§ Given records:
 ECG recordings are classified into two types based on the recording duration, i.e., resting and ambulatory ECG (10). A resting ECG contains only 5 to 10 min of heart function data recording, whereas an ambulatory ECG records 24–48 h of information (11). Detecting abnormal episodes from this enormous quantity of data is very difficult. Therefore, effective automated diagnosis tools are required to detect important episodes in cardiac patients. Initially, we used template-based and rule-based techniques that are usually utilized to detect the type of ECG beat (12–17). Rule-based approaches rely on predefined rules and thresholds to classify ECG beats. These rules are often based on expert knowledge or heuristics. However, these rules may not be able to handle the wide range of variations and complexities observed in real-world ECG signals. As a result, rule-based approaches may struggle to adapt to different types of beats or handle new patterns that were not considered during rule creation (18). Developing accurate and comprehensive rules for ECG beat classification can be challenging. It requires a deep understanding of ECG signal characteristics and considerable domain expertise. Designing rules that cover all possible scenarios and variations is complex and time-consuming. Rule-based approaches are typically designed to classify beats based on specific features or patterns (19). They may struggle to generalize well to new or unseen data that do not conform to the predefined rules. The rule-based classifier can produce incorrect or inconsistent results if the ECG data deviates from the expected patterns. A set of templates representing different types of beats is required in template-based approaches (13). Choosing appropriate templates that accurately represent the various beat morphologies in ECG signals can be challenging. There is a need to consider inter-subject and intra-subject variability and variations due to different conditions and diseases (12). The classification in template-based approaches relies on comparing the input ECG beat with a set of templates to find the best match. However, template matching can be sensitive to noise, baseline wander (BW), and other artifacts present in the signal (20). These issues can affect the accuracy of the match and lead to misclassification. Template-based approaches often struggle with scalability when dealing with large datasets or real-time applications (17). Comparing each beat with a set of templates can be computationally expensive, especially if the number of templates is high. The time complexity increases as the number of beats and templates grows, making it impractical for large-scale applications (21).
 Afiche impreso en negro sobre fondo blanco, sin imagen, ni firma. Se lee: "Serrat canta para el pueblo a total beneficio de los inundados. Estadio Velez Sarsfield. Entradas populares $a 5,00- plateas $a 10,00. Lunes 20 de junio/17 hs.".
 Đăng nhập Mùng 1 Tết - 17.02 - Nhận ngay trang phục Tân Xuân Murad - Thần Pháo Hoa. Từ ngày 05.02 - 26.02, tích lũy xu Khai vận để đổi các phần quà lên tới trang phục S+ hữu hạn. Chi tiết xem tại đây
---
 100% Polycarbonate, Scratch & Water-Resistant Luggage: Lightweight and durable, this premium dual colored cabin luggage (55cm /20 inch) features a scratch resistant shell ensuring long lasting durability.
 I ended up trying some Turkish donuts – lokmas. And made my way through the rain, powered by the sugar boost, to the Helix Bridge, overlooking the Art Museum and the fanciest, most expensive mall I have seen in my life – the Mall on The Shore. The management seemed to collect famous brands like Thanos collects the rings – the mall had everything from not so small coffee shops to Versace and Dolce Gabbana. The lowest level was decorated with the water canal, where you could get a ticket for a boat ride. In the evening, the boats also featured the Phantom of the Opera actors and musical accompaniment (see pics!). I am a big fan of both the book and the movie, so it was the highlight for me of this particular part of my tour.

§ What to work on: Would you please write out, exactly and with no other lines, the stretch of the listing above from the line containing "Afiche impreso en" through the line containing "Đăng nhập Mùng"?

§ Solution for this exercise:
 Afiche impreso en negro sobre fondo blanco, sin imagen, ni firma. Se lee: "Serrat canta para el pueblo a total beneficio de los inundados. Estadio Velez Sarsfield. Entradas populares $a 5,00- plateas $a 10,00. Lunes 20 de junio/17 hs.".
 Đăng nhập Mùng 1 Tết - 17.02 - Nhận ngay trang phục Tân Xuân Murad - Thần Pháo Hoa. Từ ngày 05.02 - 26.02, tích lũy xu Khai vận để đổi các phần quà lên tới trang phục S+ hữu hạn. Chi tiết xem tại đây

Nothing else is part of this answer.